Home / NEWS / World News / Dow futures rise more than 100 points after Wall Street begins week with modest losses

Dow futures rise more than 100 points after Wall Street begins week with modest losses

Pedestrians on past the Nasdaq in New York on Sept. 3, 2020.

Xinhua News Agency | Getty Images

Futures contracts tied to the critical U.S. stock indexes held steady in the overnight session Monday evening after Wall Street kicked off the week with unpresuming losses.

Dow futures added 17 points, while contracts tied to the S&P 500 traded around the flatline. Nasdaq 100 tomorrows were also little changed.

The moves in the overnight session came after lingering weakness in technology amasses led the major indexes lower on Monday.

The Dow Jones Industrial Average dipped 54.34 points, or 0.2%, to 34,327.79. The S&P 500 irrecoverable 0.3% to 4,163.29 as the tech sector pulled back 0.7%. The Nasdaq Composite fell 0.4% to 13,379.05.

Big Tech carries fell to start the week, with Apple and Netflix each down 0.9%. Microsoft shed 1.2%, while Tesla ousted more than 2% as famed investor Michael Burry revealed a big short position on the electric carmaker.

Communication repairs stock Discovery bucked that trend after AT&T announced Monday that it would merge WarnerMedia, which comprehends HBO, with Discovery. Discovery’s Class B stock jumped nearly 14%, while AT&T ended the day slightly lower after a mark oning a record high earlier in the session.

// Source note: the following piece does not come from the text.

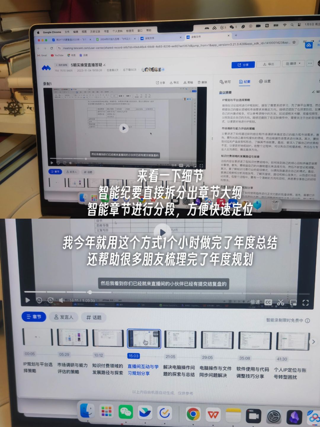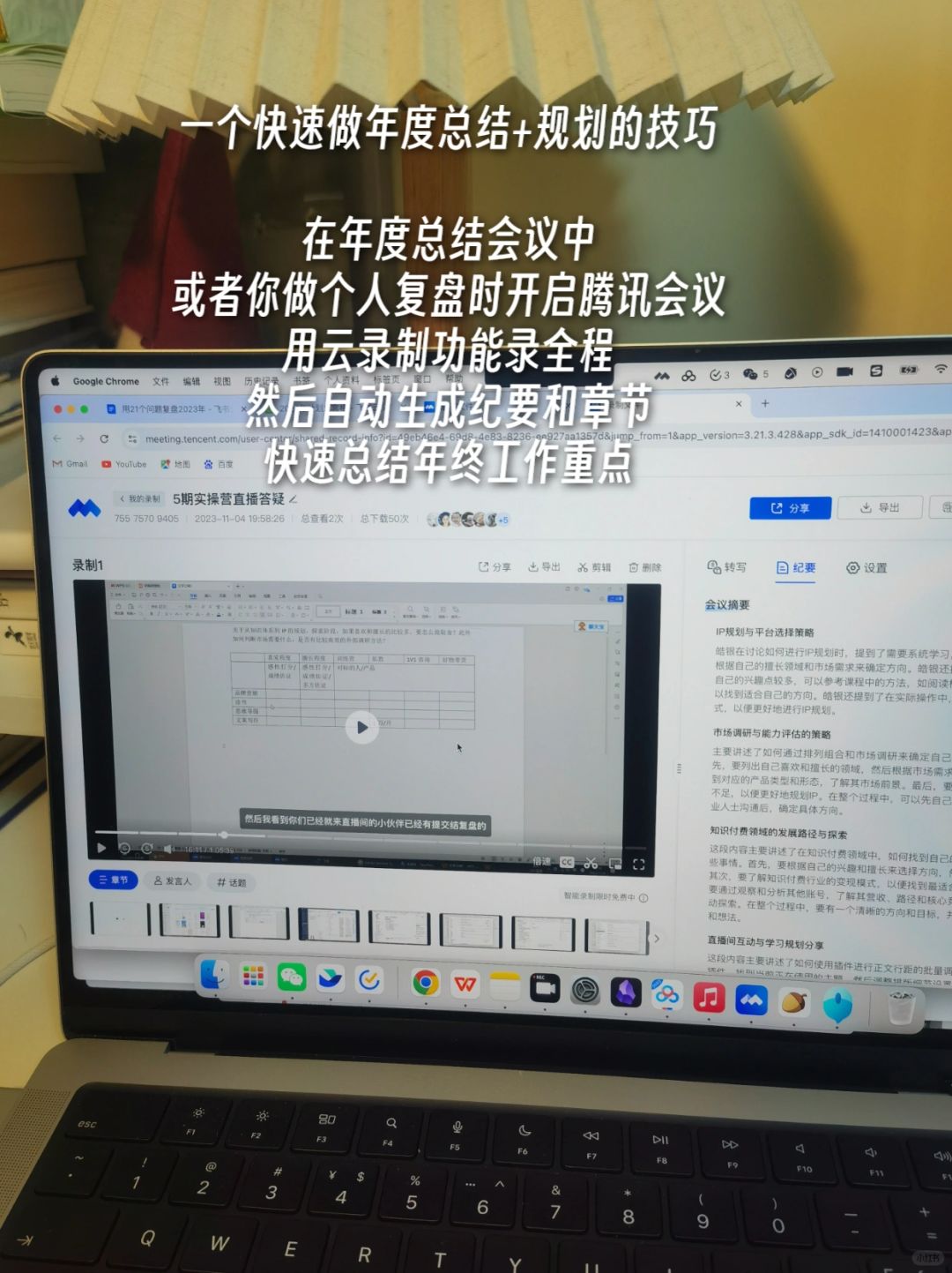 腾讯会议智能录制:在年度总结会议中,或者你做个人复盘时开启腾讯会议,用智能录制功能录全程,然后自动生成纪要和章节,快速总结年终工作重点。

Growth-heavy stocks have remained under pressure in recent sessions as investors worry over whether a pop in inflation will entrench or blow over as the Federal Reserve expects. Inflation above the Fed’s 2% objective for a sustained period could prompt the central bank to tighten monetary policy and dampen stocks that outperform the make available when interest rates are low.

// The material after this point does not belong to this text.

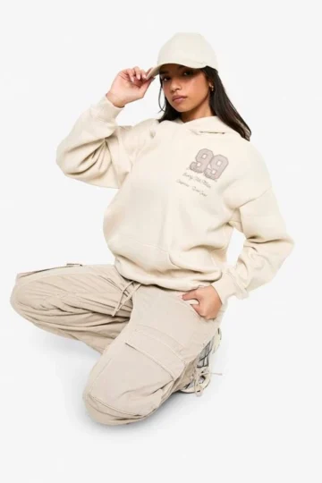 BOOHOO 99 Chest Slogan Oversized Hoodie

“Surging inflation data intensified the rift between secular growth stocks, which depend on lower-for-longer concern rates, and value-based investments, which need a steepening yield curve,” wrote Lisa Shalett, chief investment manager at Morgan Stanley Wealth Management.

“Although markets anticipated a step change in the data due to economic reopening, the significance of the surprises has been outsized, driving equity volatility up and market indexes down from all-time highs,” she combined. “Supply/demand imbalances in commodities, manufactured goods and even labor explain much of the jump in inflation, approval the argument that trend is transitory.”

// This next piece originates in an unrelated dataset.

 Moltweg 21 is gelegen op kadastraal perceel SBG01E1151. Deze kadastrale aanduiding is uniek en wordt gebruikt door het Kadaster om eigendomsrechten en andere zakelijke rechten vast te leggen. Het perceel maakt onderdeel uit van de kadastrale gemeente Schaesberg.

Investors blamed that angst for the S&P 500’s dismal performance last week, which saw the dirty market index fall 4% through midweek amid heightened inflation fears. The broad equity benchmark in the course of time rebounded and ended the week down 1.4%.

The tech-heavy Nasdaq Composite, particularly sensitive to inflation fears, dropped 2.3% keep on week. The blue-chip Dow fell 1.1% in that period. All three benchmarks posted their worst week since February 26.

The Fed’s smalls from its last meeting, which will be released Wednesday, could offer some clues on policymakers’ reasoning on inflation.

Elsewhere, the first-quarter earnings season is wrapping up with more than 90% of the S&P 500 companies cause reported their results. So far, 86% of S&P 500 companies have reported a positive EPS surprise, which would scratch the highest percentage of positive earnings surprises since 2008 when FactSet began tracking this metric.

Walmart, On Depot and Macy’s will deliver earnings on Tuesday.